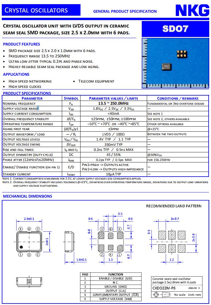 NKG晶振|SDO7-6-D-120.00-WNS-EXT|超小型差分晶振規(guī)格表
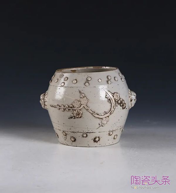 民国·白釉堆贴折枝梅花纹鼓形罐▲
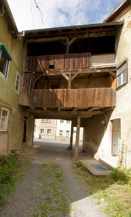 Torgasse 1a wird beschrieben als: Wohnhaus, dreigeschossiger, verputzter Satteldachbau mit Fachwerkobergeschossen über massivem Erdgeschoss, 2. Hälfte 18. Jh./19. Jh.,
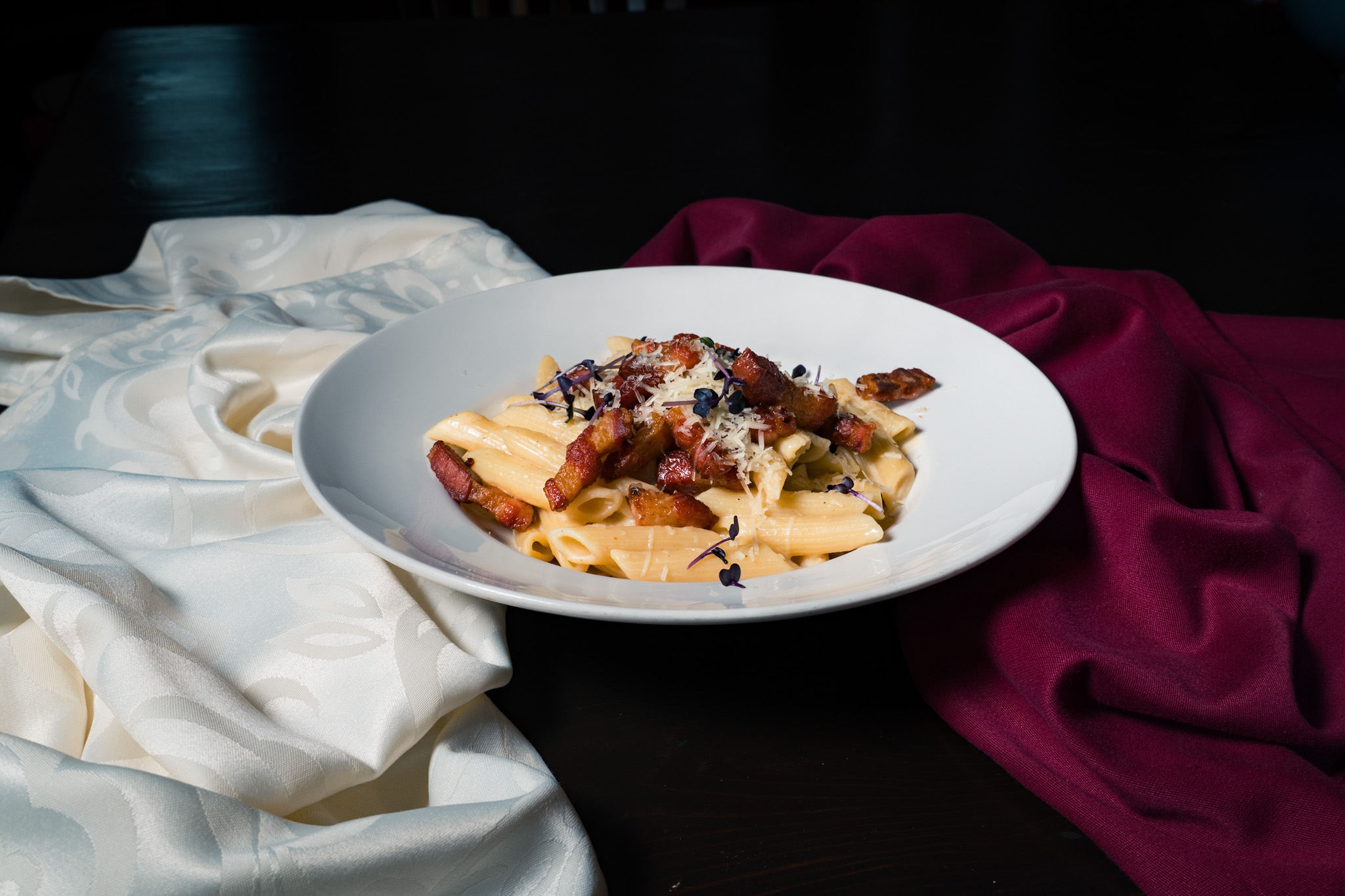 Ingrediente: Mozzarella, smântână vegetală, ou, pancetta, brânză parmezan
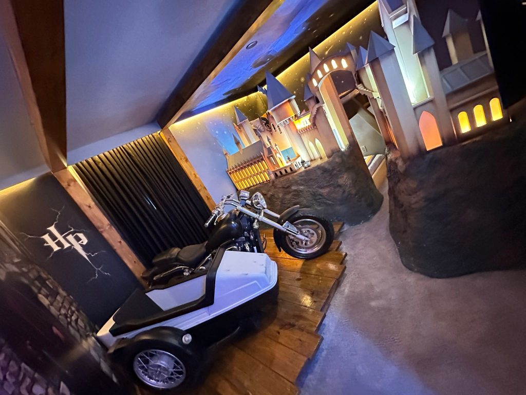 O cantor não poupou detalhes: uma sala de jogos leva o tema preferido de Mioto, Super-Heróis, enquanto um espaço especial para os pequenos é totalmente inspirado em Divertidamente. Para criar uma experiência ainda mais real, a equipe da JujuDiCasa chegou a colocar uma moto dentro do quarto de Harry Potter, garantindo que a decoração impressione qualquer visitante.
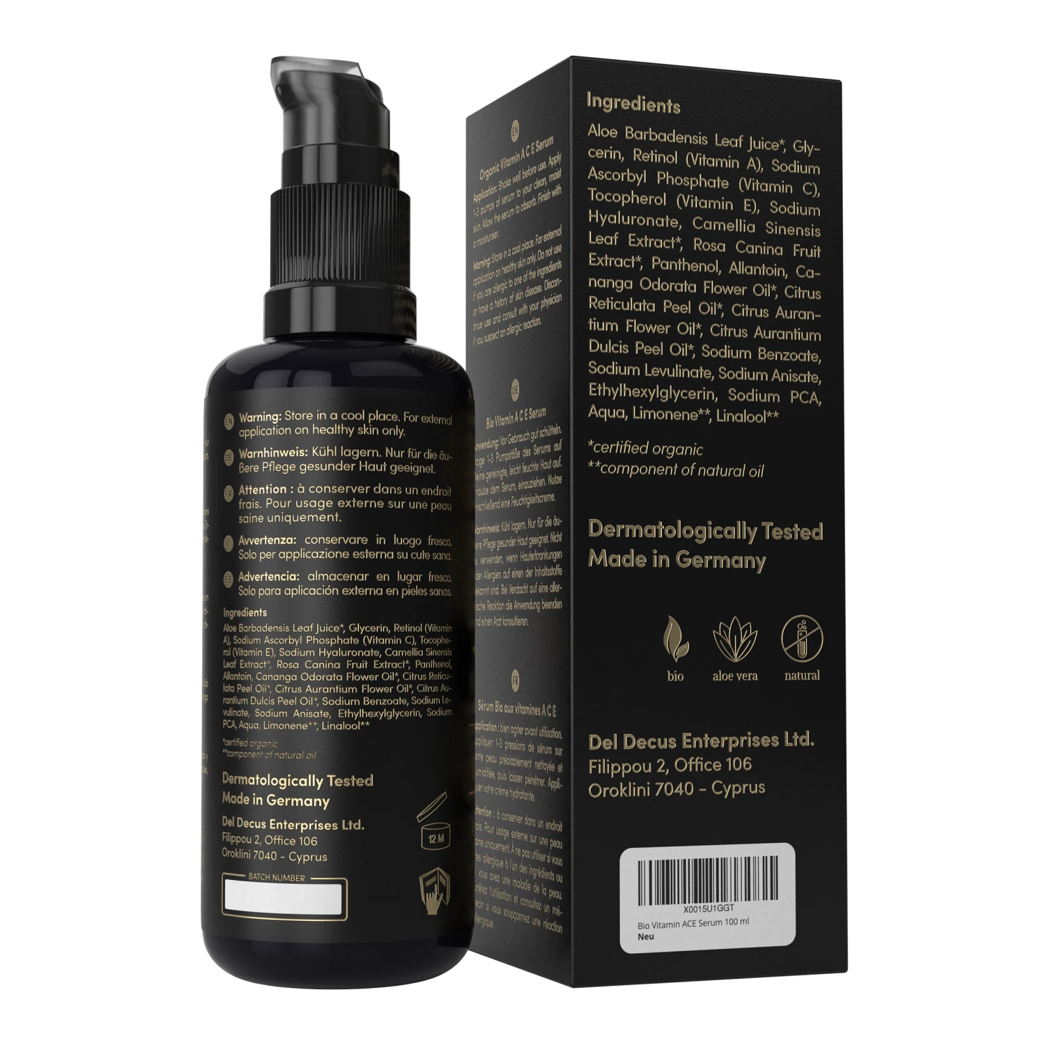 ACE Anti-Aging Serum mit Multi-Vitamin-Komplex in hoher Dosierung schützt die Haut mit verfeinernden, antioxidativen Vitaminen gegen Umwelteinflüsse und Zeichen der Zeit. Dazu pflegen Aloe Vera und Hyaluronsäure mit tiefenwirksamer Feuchtigkeit.

++++++++

Everything in the records except the pictures should be retyped exactly.

 NKG晶振|SDO7-6-D-120.00-WNS-EXT|超小型差分晶振規(guī)格表
 民国·白釉堆贴折枝梅花纹鼓形罐▲
 Torgasse 1a wird beschrieben als: Wohnhaus, dreigeschossiger, verputzter Satteldachbau mit Fachwerkobergeschossen über massivem Erdgeschoss, 2. Hälfte 18. Jh./19. Jh.,
 Ingrediente: Mozzarella, smântână vegetală, ou, pancetta, brânză parmezan
 O cantor não poupou detalhes: uma sala de jogos leva o tema preferido de Mioto, Super-Heróis, enquanto um espaço especial para os pequenos é totalmente inspirado em Divertidamente. Para criar uma experiência ainda mais real, a equipe da JujuDiCasa chegou a colocar uma moto dentro do quarto de Harry Potter, garantindo que a decoração impressione qualquer visitante.
 ACE Anti-Aging Serum mit Multi-Vitamin-Komplex in hoher Dosierung schützt die Haut mit verfeinernden, antioxidativen Vitaminen gegen Umwelteinflüsse und Zeichen der Zeit. Dazu pflegen Aloe Vera und Hyaluronsäure mit tiefenwirksamer Feuchtigkeit.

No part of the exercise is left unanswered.